Good error messages are crucial to Rust's usability. Therefore, I'd like to highlight an instance of an error message which I found most unhelpful, so that we may improve Rust.
Here is the function:
// Gets the ASCII character represented by a string of binary digits.
//
// `s` must contain exactly 8 binary digits, such as "01001111".
fn bin_to_char(s: &str) -> char {
s.char_indices()
.map(|(pos, c)| c.to_digit(2).unwrap() as u8 * (1 << (7 - pos)))
.sum()
.into()
}
and this is the output of the compiler:
rustc 1.14.0-nightly (5665bdf3e 2016-11-02)

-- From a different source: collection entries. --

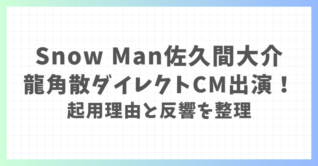 Snow Man佐久間大介、龍角散ダイレクトCM出演が話題!起用理由と反響を整理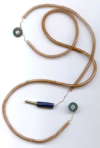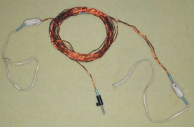 Широко продаваемая в 1960-1970-х спиральная комнатная антенна. Будучи растянутой под потолком комнаты и имея длину до десятка метров, обеспечивала неплохой прием на длинных, средних и коротких волнах, особенно на верхних этажах зданий без металлического каркаса. Иногда такая антенна использовалась как наружная, но ее изоляторы из низкосортной пластмассы или фибры непригодны для влажной среды. |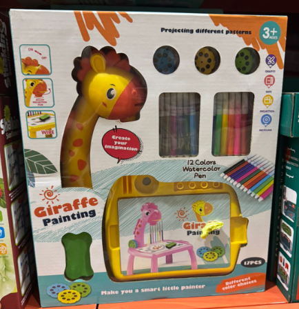 Este divertido set convierte el dibujo en una actividad mágica gracias a su adorable jirafa que proyecta diferentes patrones para que los niños puedan calcar, colorear y aprender mientras se divierten.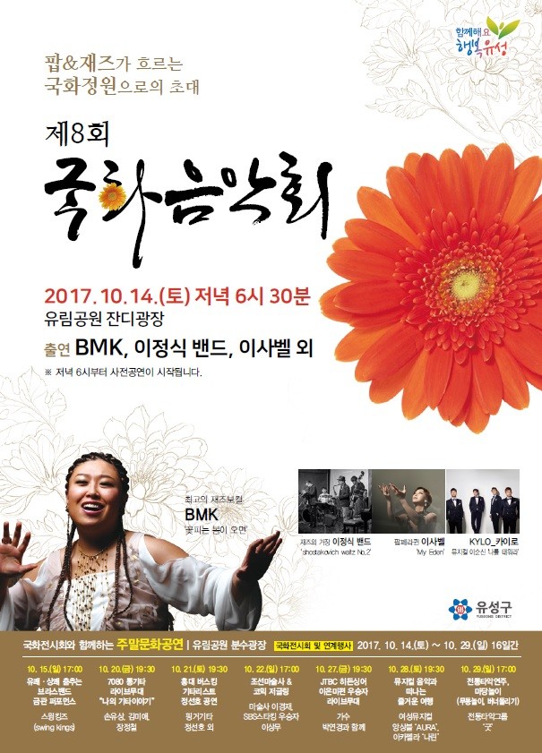 매년 3천만 송이 국화전시회 기간에 맞춰 개최되고 있는 국화음악회는 해가 갈수록 시민의 관심과 참여가 높아지고 있는 가운데, 올해는 특히 국내 정상급 재즈 공연팀과 팝페라 가수를 초청해 깊어가는 가을 밤 낭만을 선사할 것으로 기대를 모으고 있다.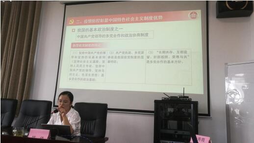 隨后,邀請區(qū)委黨校胡倩老師開展了一堂主題為《疫情防控彰顯中國特色社會主義制度優(yōu)勢》的黨課,運用通俗易懂的語言、簡單明了的案例,帶領黨員感受戰(zhàn)“疫”的中國力量,深入了解疫情之下,中國共產(chǎn)黨領導和中國特色社會主義制度的優(yōu)勢。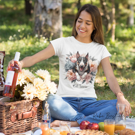 T-Shirt PEONY - BULL TERRIER Tricolore - Bianca, Uomo o Donna - dalla XS alla 5XL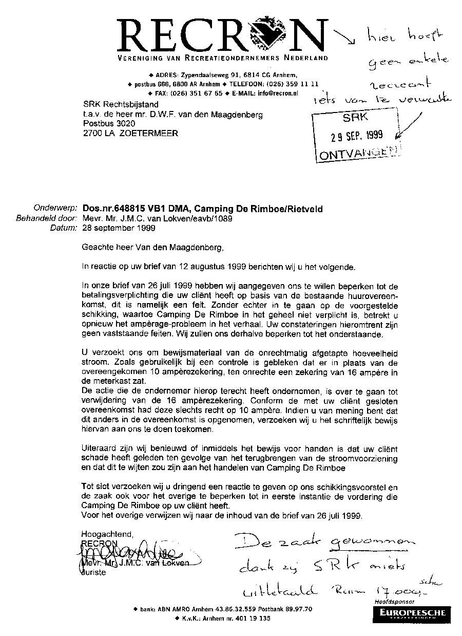 Document met procedure tegen mr. Maes van Dommerholt & van Dijk in Zwolle

error: the type of this value must be known in this context
--> <anon>:11:5
|
11 | s.char_indices()
| ^
error: aborting due to previous error
Here's the Playground link if you want to have a try at fixing this function.
The error message points at s
, as if the compiler can't figure out what type s
has. But s
is the function's parameter with type specified to be &str
, so this isn't logical. It seems the compiler needs to blame a piece of code, but can't locate exactly where the problem is, so it just picks something.
I'm interested in hearing about similar issues others have had. I'm also curious what causes the current behavior relating to both why this code doesn't compile, and why the error message is so vague.
Related Github issues:
Misplaced "type of this value must be known ..." error
The compiler could have been more precise about missing type annotation.